Monday, November 19, 2012

Wal-Mart Loves the NLRB: Who'da Thunk It?



In a hilarious switcheroo, according to an article in today’s NYT, Wal-Mart has filed a complaint with the NLRB (National Labor Relations Board) to prevent its employees from participating in demonstrations on Black Friday, the day after Thanksgiving generally known as the biggest shopping day of the year.  The Chamber of Commerce loathes the NLRB almost as much as the ACLU.  Certainly if Romney/Ryan had been elected, one order of business would have been to eliminate it.

It’s interesting how reporter Steve Greenhouse differed in his presentation of Wal-Mart and its battle with OUR Walmart (Organization United for Respect at Walmart) when he wrote about their relationship back in June 2011.  That article focused on OUR Walmart and gave the employees a voice; today’s article is told mainly from the point-of-view of Wal-Mart’s management and law professors.  Today’s article assumes throughout that OUR Walmart is a union, providing a foundation for Wal-Mart’s claim that:

Continuing protests were illegal because under the National Labor Relations Act, a union seeking recognition can picket for a maximum of 30 days.  After that, it must either stop picketing or take a formal unionization vote.


In the June 2011 article, Greenhouse made it clear in the first paragraph that OUR Walmart was not a union:

After numerous failed attempts to unionize Wal-Mart stores, the nation’s main union for retail workers has decided to try a different approach: it has helped create a new, nonunion group of Wal-Mart employees that intends to press for better pay, benefits and most of all, more respect at work.

Ironically, the fact that OUR Walmart is not a union is supposed to protect them under federal law:

Unlike a union, the group will not negotiate contracts on behalf of workers.  But its members could benefit from federal labor laws that protect workers from retaliation for engaging in collective discussion and action.

Now Wal-Mart is seeking protection under federal law.  Poor baby!  Wonder who it supported for president with mucho dead presidents.

Why don’t the workers unionize at Walmart?  Because Wal-Mart will use deadly tactics.  (Although not as deadly as when Frank Little, union organizer for Industrial Workers of the World [IWW] was forcibly taken from his home and lynched from a train trestle while he was helping organize a strike against the Anaconda Copper Company.  Yet.)  It's ferocious:

Wal-Mart has aggressively battled organizing drives at its stores—it even closed a Canadian store after its workers voted to unionize.

Greenhouse quotes a worker in the first article, which he doesn’t do in the second:

“Someone has to stand up to say something,” said Deondra Thomas, a shoe department employee at a Dallas Wal-Mart, who earns $8.90 an hour after three years there.  “So many people have been quiet for so long.  A lot of us think Wal-Mart is an awesome company, but as far as the employees, they treat us like dirt.”

A family of 4 making $23,050 qualifies as poverty-level according to the 2012 guidelines.  If Deondra works full-time, 40 hours a week), she would gross $17,800.

In today’s article, the only reference to the workers is indirect:

Many of [Walmart’s] workers assert that Wal-Mart pays poverty-level wages, assigns too few hours a week and retaliates against protesting employees.

Note the use of the word “assert” which qualifies it, making it open to interpretation, as opposed to the quote from Ms.
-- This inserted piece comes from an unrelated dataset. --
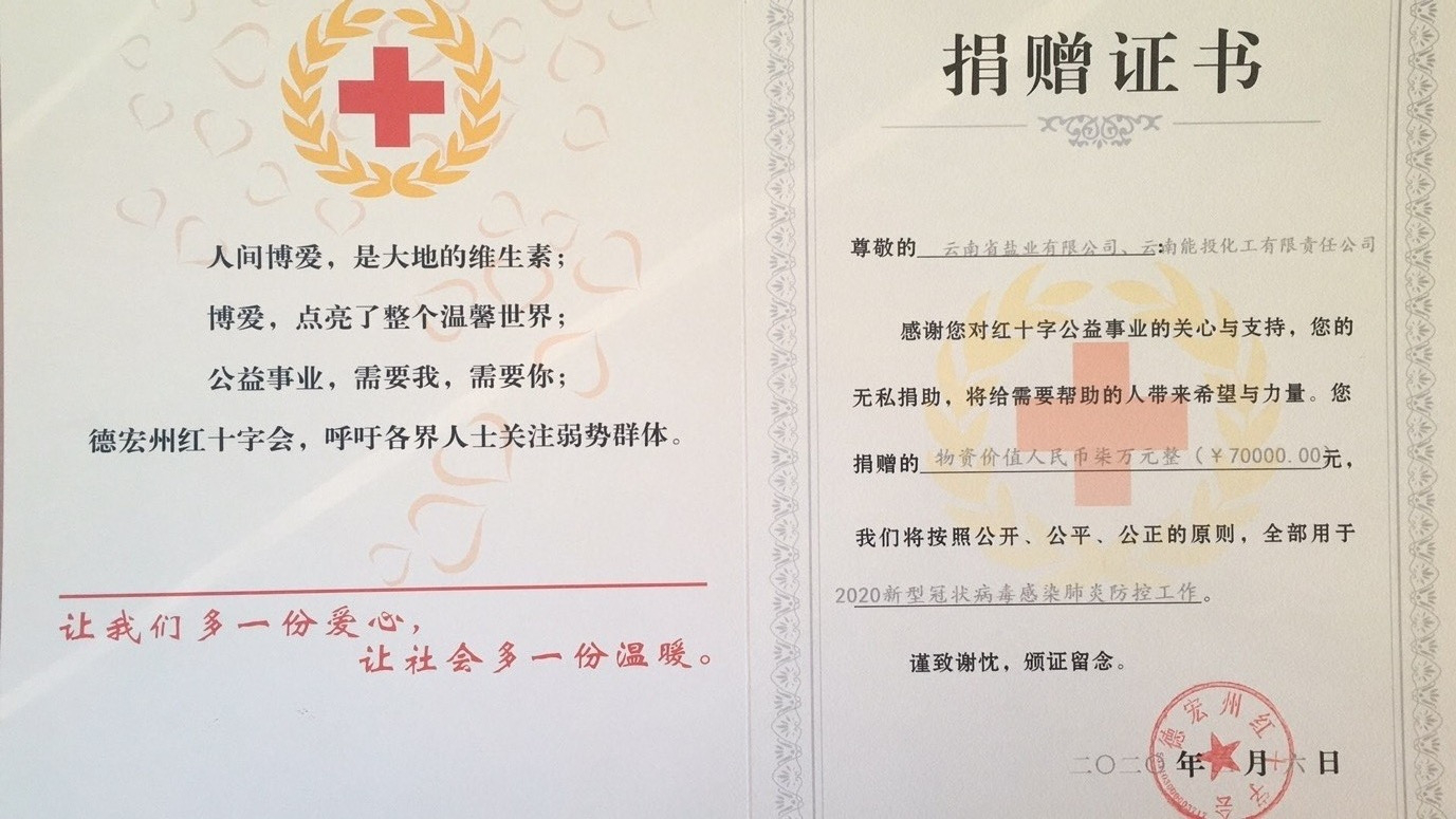 德宏公司 报道 为应对新型冠状病毒感染的肺炎疫情,遏制疫情传播扩散蔓延势头,肩负起国有企业的社会责任。2月6日上午,云南省盐业德宏有限公司总经理邵辉受亚娱平台客服、云南能投化工有限责任公司委托前往德宏州红十字会向德宏州人民政府捐赠次氯酸钠消毒液26980千克,价值人民币7万元。

Thomas in the first article.  (I wonder what ever happened to her.  Is she still working for Wal-Mart?  Greenhouse could have followed up his own story to check if Wal-Mart retaliated against her.  He also could have checked pay stubs to verify poverty-level claims.)

The not-so-funny thing about Wal-Mart’s poverty level wages is that it depends on government benefits to fill in the food and health care gaps.

What would the service economy do without the government?